Unlike NumPy, QuestDB expresses strides as element jumps, not byte count jumps. Strides are used to perform a number of operations (such as transpose, slicing, etc) without the need to copy the array data itself.
Also unlike NumPy, QuestDB's DOUBLE[] allows NULL elements, with the same
semantics as plain DOUBLE values: all non-finite floating point values (NaN,
Infinity, -Infinity) are seen as NULL.
Here's a visual example of a 3-dimensional array of type DOUBLE[2][3][2]:
dim 1: |. . . . . .|. . . . . .| -- stride = 6, len = 2
dim 2: |. .|. .|. .|. .|. .|. .| -- stride = 2, len = 3
dim 3: |.|.|.|.|.|.|.|.|.|.|.|.| -- stride = 1, len = 2
The dots are the individual values (DOUBLE numbers in our case). Each row
shows the whole array, but with different subdivisions according to the
dimension. So, in dim 1, the row is divided into two slots, the sub-arrays at
coordinates 1 and 2 along that dimension, and the distance between the start of
slot 1 and slot 2 is 6 (the stride for that dimension). In dim 3, each slot
contains an individual number, and the stride is 1.
The legal values for the coordinate in dim 3 are just 1 and 2, even though you
would be able to access any array element just by using a large-enough number.
This is how the flat array gets its 3-dimensional appearance: for each value,
there's a unique list of coordinates, [i, j, k], that addresses it.

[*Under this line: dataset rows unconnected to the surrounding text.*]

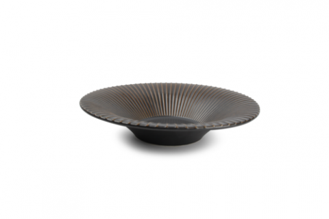F2D, Brass, deep Plate, 10.2"W, stripe silver, porcelain, dishwasher, microwave & oven safe, brass
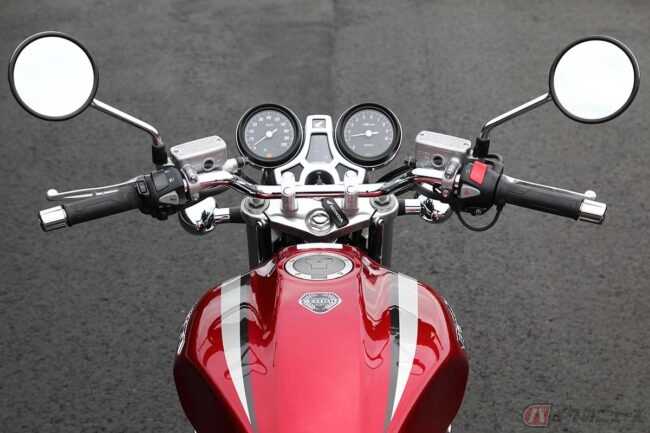また、ミッションのタッチが素晴らしく、高い剛性感をともないながら“カツーン、カツーン”と遊びなく切り換わっていきます。その組み付け精度はいかにも緻密で、こうした操作系の良し悪しでバイクの印象は大きく左右されるものですが、この点においても文句なしの完成度を味わえるはずです。
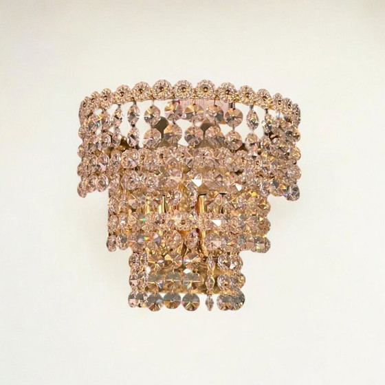 Set di 2 applique in cristallo di metà secolo, lampada Beethoven anni '50-'60, realizzate in ottone/Swarovski di alta qu
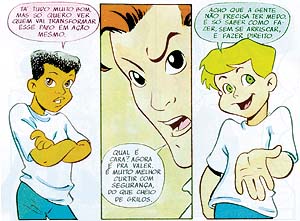 Para instrumentalizar os professores que participam dos treinamentos, a BEMFAM criou o Manual de Apoio a Educadores, sobre prevenção de DSTs/Aids. O manual também apresenta um capítulo sobre "Métodos e Técnicas de Ensino e Aprendizagem", contendo várias "dicas" sobre a difícil tarefa de transmitir os ensinamentos recebidos aos estudantes. Por fim, ainda há outro capítulo indicando uma excelente bibliografia e vídeos para o professor que queira - ou precise - se aprofundar no assunto. Segundo Inês, não foram notadas diferenças significativas entre as escolas do Rio e do Nordeste, no que se refere ao conhecimento (melhor seria dizer desconhecimento) do próprio corpo e da sexualidade. A dificuldade de falar no assunto é geral. "O engraçado é que os alunos sempre começam a abordá-lo dizendo que "se preocupam em dar prazer ao parceiro", mas a maioria não conhece nem o próprio aparelho genital", diz a socióloga. À medida que o programa avança e as atividades têm continuidade, as perguntas e dúvidas começam a surgir com a mesma intensidade. Um dos mais valiosos instrumentos de que a BEMFAM dispõe para o trabalho de orientação sexual é uma revista em quadrinhos especialmente criada para este fim, na qual uma turma de meninos e meninas se vê às voltas com a iniciação sexual. O gibi, além de informações sobre prevenção contra Aids e outras DSTs, ainda orienta quem está começando a pensar em se relacionar sexualmente: |
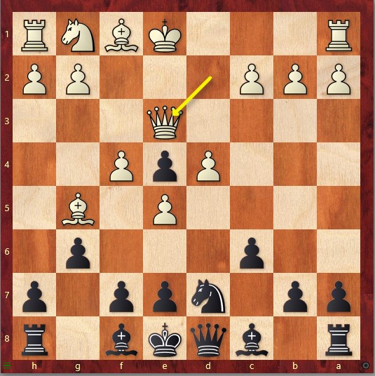 Der Läufer wird ebenfalls aktiviert, und innerhalb von nur fünf Zügen sind alle vorher passiven Figuren ins Spiel gekommen. Nach 14. Se2 Sd8 gelingt es Schwarz, den e6-Bauern zu gewinnen.
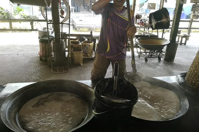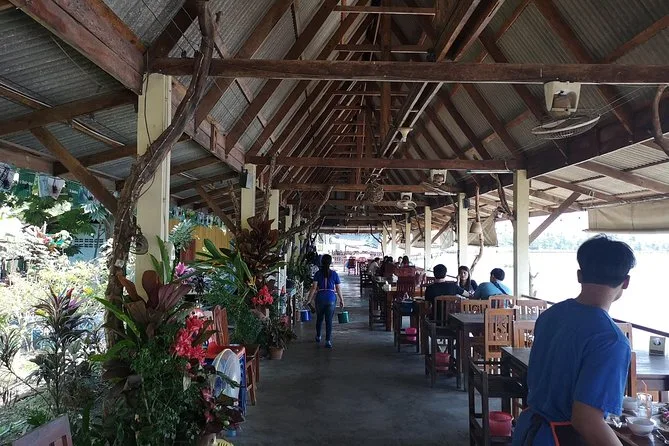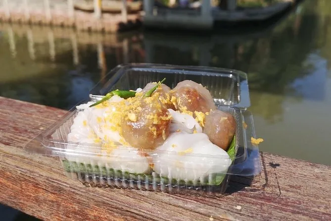 Danach machten wir Halt auf einer nahegelegenen Kokosnussplantage. Der Bauer zeigte uns, wie er Palmzucker herstellt – ich durfte direkt aus dem Topf probieren (klebrig, fast rauchig-süß). Anschließend fuhren wir zum Wat Bang Kung. Der Tempel ist halb von Banyan-Wurzeln umschlungen; man muss unter Ästen hindurchducken, um hineinzukommen. Er ist klein, aber die Stille drinnen ließ mich länger bleiben wollen, als wir es taten. Das Mittagessen gab es an einem offenen Restaurant direkt am Mae Klong Fluss – die Brise vom Wasser tat nach der Sonne richtig gut. Manchmal denke ich noch an diesen Pfannkuchen zurück.

QuestDB can perform all of the following operations cheaply, by editing just the
two small lists, shape and strides, and doing nothing to the potentially
huge block of memory holding the array values:
Slice: extract a 3-dimensional array that is just a part of the full one,
by constraining the range of legal coordinates at each dimension. Example:
array[1:2, 2:4, 1:2] will give us a view into the array with the shape
DOUBLE[1, 2, 1], covering just the ranges of coordinates indicated in the
expression.
Take a sub-array: constrain the coordinate at a given dimension to just one
choice, and then eliminate that dimension from the array. Example: array[2]

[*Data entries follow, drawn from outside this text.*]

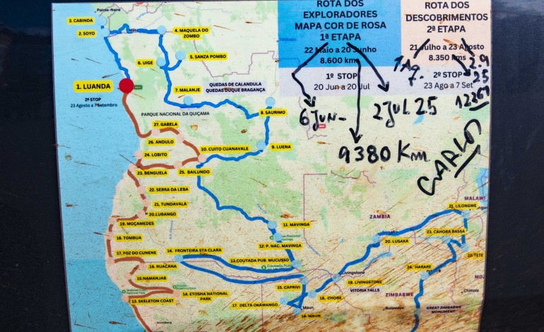 Segunda etapa (1 de Agosto a 2 de Setembro): Maputo-Luanda, refazendo a rota das Descobertas em sentido inverso, com Carlos, Ana e Tetiana — 12.287 quilómetros.
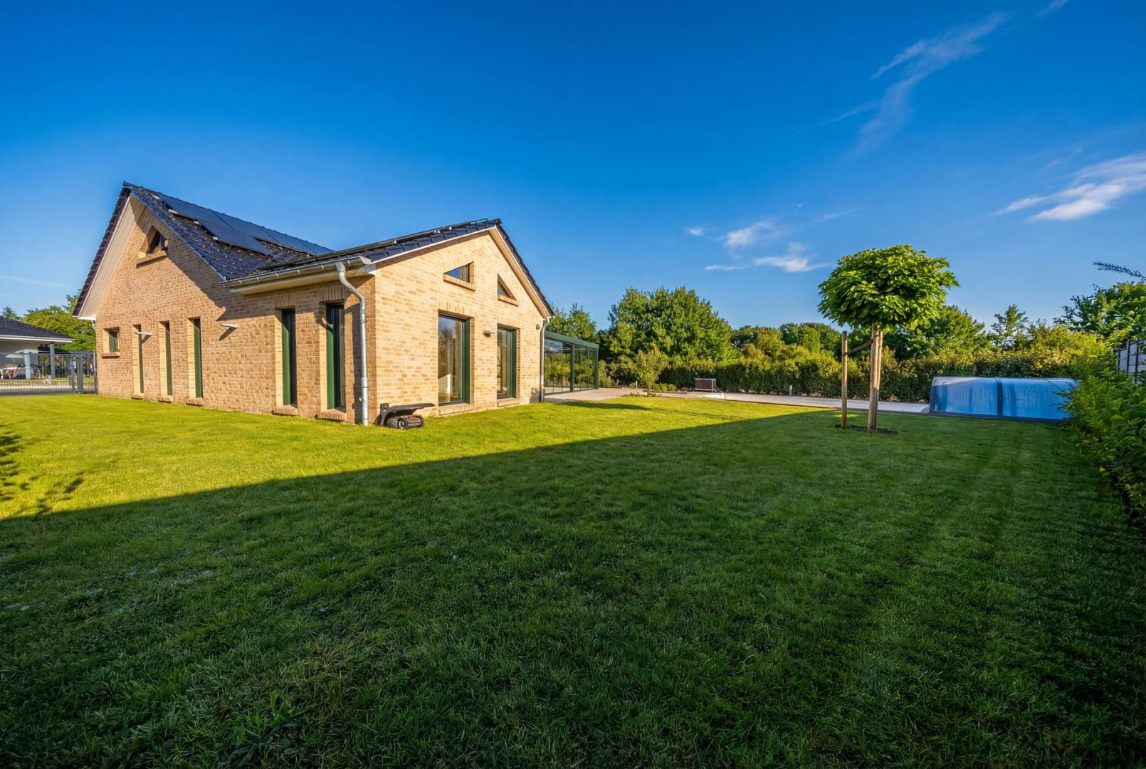 Besonders hervorzuheben ist der großzügige Terrassen- und Wintergartenbereich mit großflächigen Verglasungen, der eine geschützte Nutzung im Außenbereich ermöglicht, über das Smarthome System voll verschattet werden kann und das Wohnen harmonisch in den Garten erweitert.
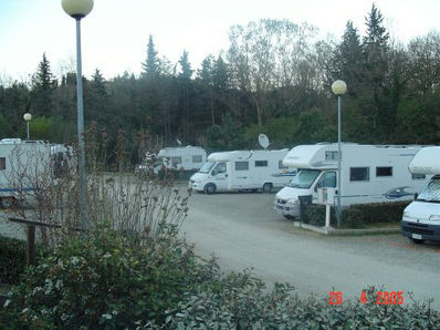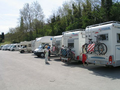 V Ferrari pa obljubljenih štelplacev od nikoder. Kar precej smo lutali in nazadnje povsem slučajno našli parking primeren za prenočevanje.
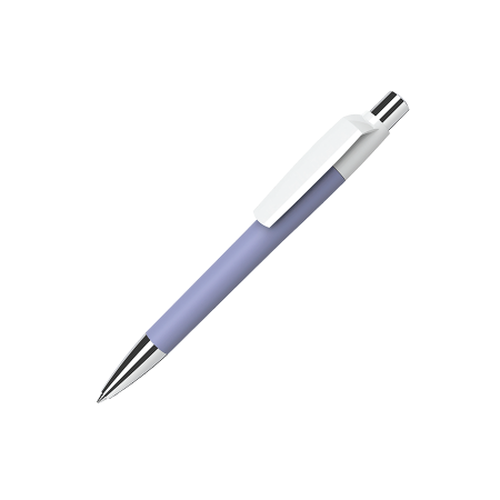 MOOD MD1 GOM CB M1 Kugelschreiber Maxema, gummiertes Gehäuse in deckenden Farben, Clip in glänzendem Weiß, Spitze und Druckknopf aus Metall in glänzende verchromt, blauschreibend. Alle Mood Metal-Modelle werden mit einer einzigen My Box-Hülle aus schwarzem Fedrigoni-Karton geliefert
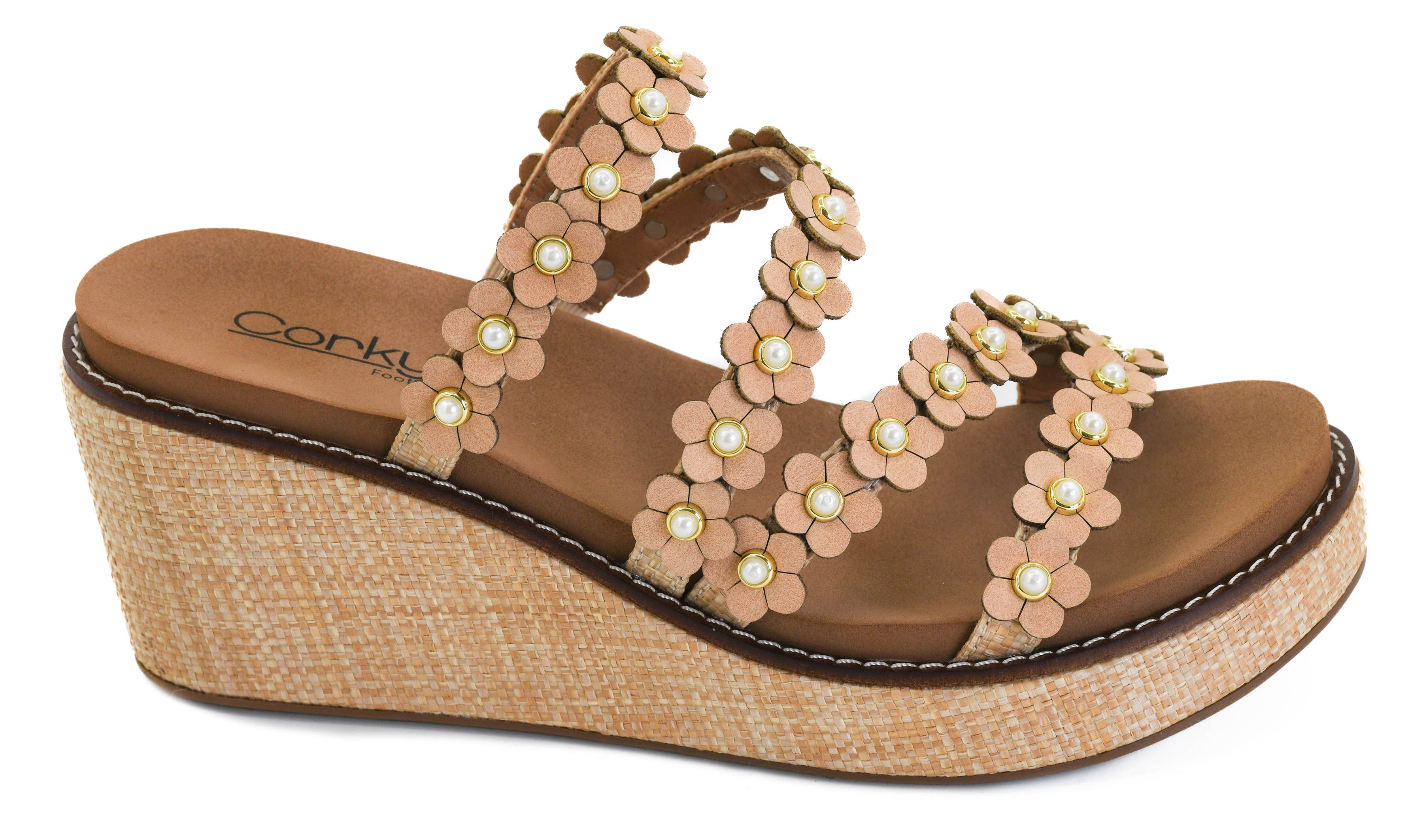 Step into effortless style with the Corkys Let's Be Friends Wedge in Raffia. This gorgeous wedge features Corky's signature footbed, designed for all-day comfort that doesn't compromise on looks. Delicate raffia flowers adorn the straps, bringing a fresh, natural vibe to your wardrobe. Whether you're heading to brunch or a casual outing, this is the perfect shoe to elevate your spring and summer style with comfort you can count on.

has the shape DOUBLE[3, 2] and consists of the second subarray in the 1st
dimension.
Flatten: remove a dimension from the array, flattening it into the
next-finer dimension. Example: flattening dim 2 gives us an array shape
DOUBLE[2, 6]. All elements are still available, but using just 2
coordinates.
Transpose: reverse the shape and the strides, changing the meaning of each
coordinate. Example: transposing our array changes the strides from
(6, 2, 1) to (1, 2, 6). What we used to access with the 3rd coordinate,
we now access with the 1st coordinate. On a 2D array, this would have the
effect of swapping rows and columns (transposing a matrix).

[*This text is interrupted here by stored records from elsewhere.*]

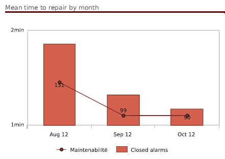 Description: Graph displaying the evolution of maintenability and the closed alarms for a host group, filtred on host categories
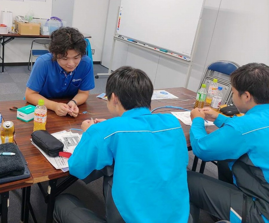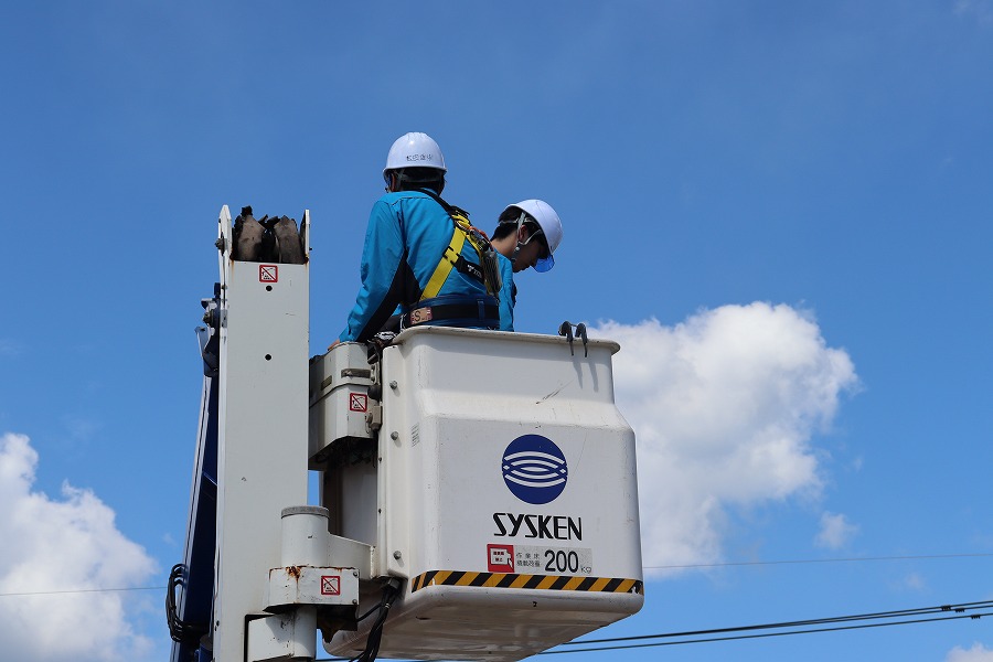 大分工業高校の学生を対象に、9月10日~13日の3日間、インターンシップを開催しました。 前年に引き続き、3日間のカリキュラムです。 それぞれ若手社員を中心に、以下のカリキュラムを行いました。 <1日目> ・オリエンテーション ・会社概要説明・職場見学 ・通信設備概要説明 ・携帯電話の繋がる仕組み ・高所作業車体験・光ファイバー接続・LANケーブル製作体験 <2日目> ・NTT設備見学:とう道・局内 ・ドコモ設備見学:基地局等 <3日目> ・現場見学:電柱新設・橋梁添架管補修 ・インターンシップまとめ 講師として参加した若手社員は、学生に対して熱心に、かつ距離感近く接することができており、 参加した学生からは、「なんでも優しく教えてくれて助かりました」と感想をいただきました。 ほかにも、「就職してみたいと感じました」とも書かれていました。 学生にとっても社員にとっても、貴重な3日となりました。 これを機にSYSKENや業界についてもっと興味を持ってもらい、次年度以降に繋がるようにしていきたいです。![]()
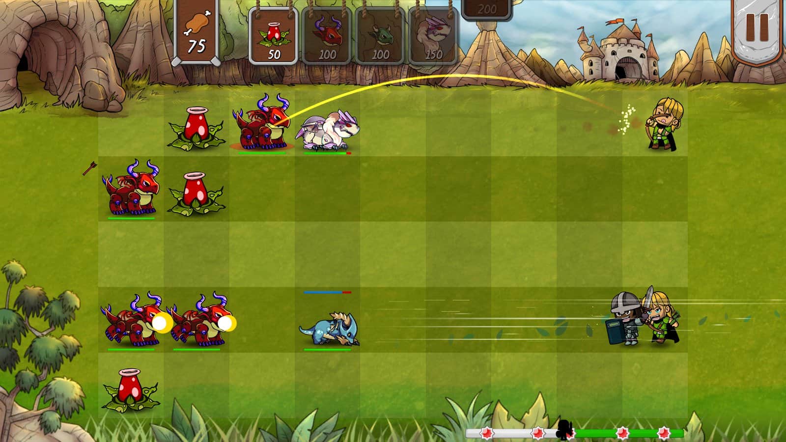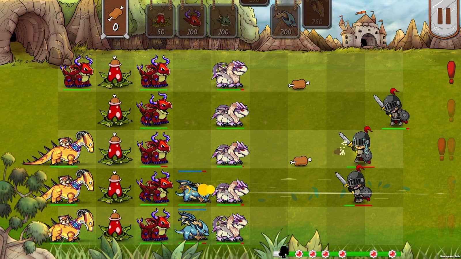 Dragons vs Knights – это классическая тактическая стратегия для вашего смартфона. Во все времена люди хотели завоевать золото драконов, ведь есть легенда, что у каждого дракона есть своя сокровищница. И в этот раз рыцари и другие, кто не прочь поживится, решили напасть на логово драконов. Пока королева драконов откладывает яйца вам необходимо обучить маленьких новорожденных дракош обороняться.Вам предстоит выбирать из списка юнитов, учитывая их умения и способности, а также правильно установить их на поле боя. Враги будут нападать в несколько этапов. Если ваша расстановка будет верна, победа в ваших руках. Каждый дракон имеет свои навыки, помните об этом.Игра понравится всем поклонникам данной классики. Динамический геймплей и качество картинки заставит вас, погрузится в игру с головой.

QuestDB stores the shape along with the array. However, it has no need to store strides: they can be calculated from the shape. Strides become relevant once you perform one of the mentioned array shape transformations. We say that an array whose shape hasn't been transformed (that is, it matches the physical arrangement of elements) is a vanilla array, and this has consequences for performance.
A "vanilla" array is just a plain, contiguous N-D array in row-major order. A vanilla array can be processed by optimized bulk operations that go over the entire block of memory, disregarding the shape and strides, whereas for most other arrays we have to step through all the coordinates one by one and calculate the position of each element.
There's a special case where the array is transformed just so that the new array can be found in vanilla shape within the memory block of the original array (a contiguous sub-array). Such a transformed array is also considered vanilla. Major examples are slicing the array at the top (leftmost) dimension, and taking a sub-array at the top dimension.
While performing a shape transformation is cheap on its own, whole-array operations, such as equality checks, adding/multiplying two arrays, etc., are expected to be faster on vanilla arrays.
QuestDB always stores arrays in vanilla form. If you transform an array's shape and then store it to the database, QuestDB will physically rearrange the elements, and store the new array in vanilla shape.